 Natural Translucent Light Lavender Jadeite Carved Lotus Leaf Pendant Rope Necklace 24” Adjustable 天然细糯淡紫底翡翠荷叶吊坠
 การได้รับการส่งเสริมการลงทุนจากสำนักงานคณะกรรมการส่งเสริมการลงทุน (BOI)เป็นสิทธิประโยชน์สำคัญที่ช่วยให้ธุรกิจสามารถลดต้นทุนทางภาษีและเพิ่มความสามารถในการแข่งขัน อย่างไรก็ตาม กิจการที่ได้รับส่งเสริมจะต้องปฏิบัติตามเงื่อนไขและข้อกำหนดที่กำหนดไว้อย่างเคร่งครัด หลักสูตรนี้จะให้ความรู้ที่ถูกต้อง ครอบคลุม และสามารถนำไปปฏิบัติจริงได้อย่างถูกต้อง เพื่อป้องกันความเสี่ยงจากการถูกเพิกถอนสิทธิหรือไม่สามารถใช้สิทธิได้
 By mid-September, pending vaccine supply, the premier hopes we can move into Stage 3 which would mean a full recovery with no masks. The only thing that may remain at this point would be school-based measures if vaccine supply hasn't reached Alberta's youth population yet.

...

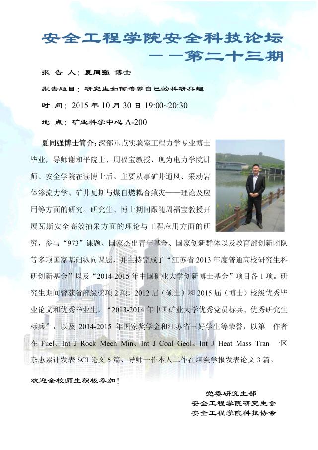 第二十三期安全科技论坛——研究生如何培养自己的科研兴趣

--

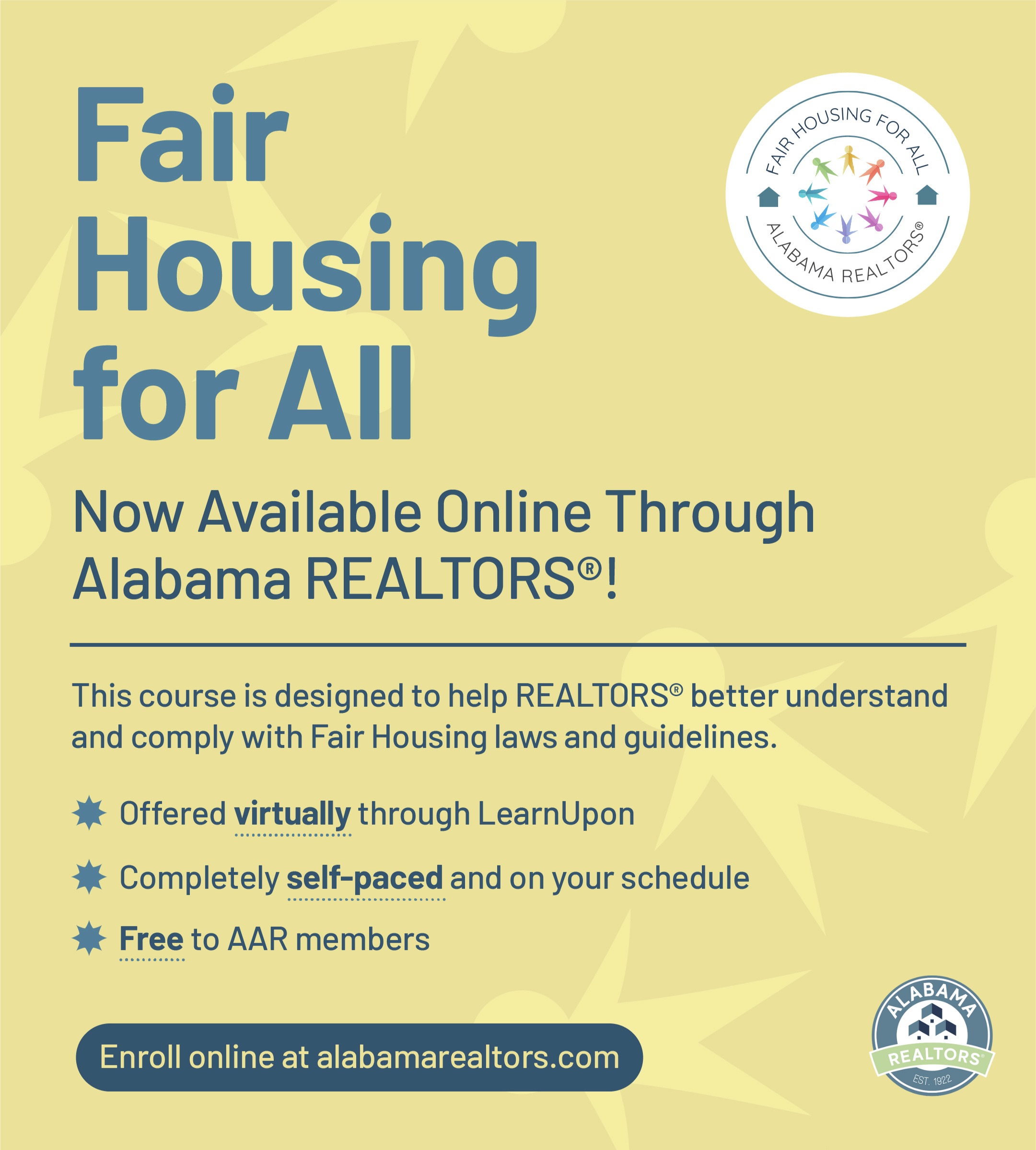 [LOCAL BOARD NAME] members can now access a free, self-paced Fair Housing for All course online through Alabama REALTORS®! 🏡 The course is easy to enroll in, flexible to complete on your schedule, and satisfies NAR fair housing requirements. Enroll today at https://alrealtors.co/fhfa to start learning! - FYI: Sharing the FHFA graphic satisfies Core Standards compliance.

- _Task directions_: Could you set down, word for word, only the lines above from the line with "Natural Translucent Light" to the line with "By mid-September, pending", including both?

- _Output_:
 Natural Translucent Light Lavender Jadeite Carved Lotus Leaf Pendant Rope Necklace 24” Adjustable 天然细糯淡紫底翡翠荷叶吊坠
 การได้รับการส่งเสริมการลงทุนจากสำนักงานคณะกรรมการส่งเสริมการลงทุน (BOI)เป็นสิทธิประโยชน์สำคัญที่ช่วยให้ธุรกิจสามารถลดต้นทุนทางภาษีและเพิ่มความสามารถในการแข่งขัน อย่างไรก็ตาม กิจการที่ได้รับส่งเสริมจะต้องปฏิบัติตามเงื่อนไขและข้อกำหนดที่กำหนดไว้อย่างเคร่งครัด หลักสูตรนี้จะให้ความรู้ที่ถูกต้อง ครอบคลุม และสามารถนำไปปฏิบัติจริงได้อย่างถูกต้อง เพื่อป้องกันความเสี่ยงจากการถูกเพิกถอนสิทธิหรือไม่สามารถใช้สิทธิได้
 By mid-September, pending vaccine supply, the premier hopes we can move into Stage 3 which would mean a full recovery with no masks. The only thing that may remain at this point would be school-based measures if vaccine supply hasn't reached Alberta's youth population yet.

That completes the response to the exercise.